At their core, both cards share an identical foundation: the same 2295 MHz base clock, 8960 shading units, 280 TMUs, 96 ROPs, and 1750 MHz memory speed. This means the two GPUs are built on the exact same silicon with the same theoretical throughput ceiling — the differences between them come down entirely to how aggressively each card is tuned to reach that ceiling.
The single meaningful differentiator in this group is boost clock: the Solid Core OC reaches 2482 MHz under turbo, while the Solid SFF tops out at 2452 MHz — a gap of 30 MHz, or roughly 1.2%. That small frequency advantage cascades into slightly higher derived figures: the Solid Core OC edges ahead with 44.48 TFLOPS of floating-point performance versus 43.94 TFLOPS, and a marginally higher pixel rate of 238.3 GPixel/s compared to 235.4 GPixel/s. In practice, a sub-2% gap in compute throughput will be imperceptible in real gaming workloads — frame-time differences at this scale are well within noise.

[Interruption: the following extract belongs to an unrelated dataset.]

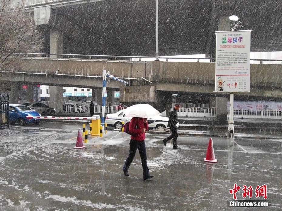 受冷空气影响,4月11日中午时分,乌鲁木齐市开始下起小雪,截至目前降雪仍在持续,气温也随之下降至零度左右。为躲避寒冷,街上行人打起雨伞脚步匆匆,一些行驶车辆打开车灯缓慢通行。新疆气象台16时许发布天气预报称,乌鲁木齐今天夜间小雪转多云,明天白天晴间多云,最高气温7℃,最低气温-1℃。戚亚平 摄

The Solid Core OC holds a narrow technical edge in raw performance on paper, but the advantage is effectively academic for gameplay. The more meaningful distinction between these two cards almost certainly lies outside this spec group — in thermals, power delivery, and form factor — since the SFF designation suggests a compact cooling solution that would explain its slightly conservative boost target. For pure performance metrics alone, consider these cards functionally equivalent.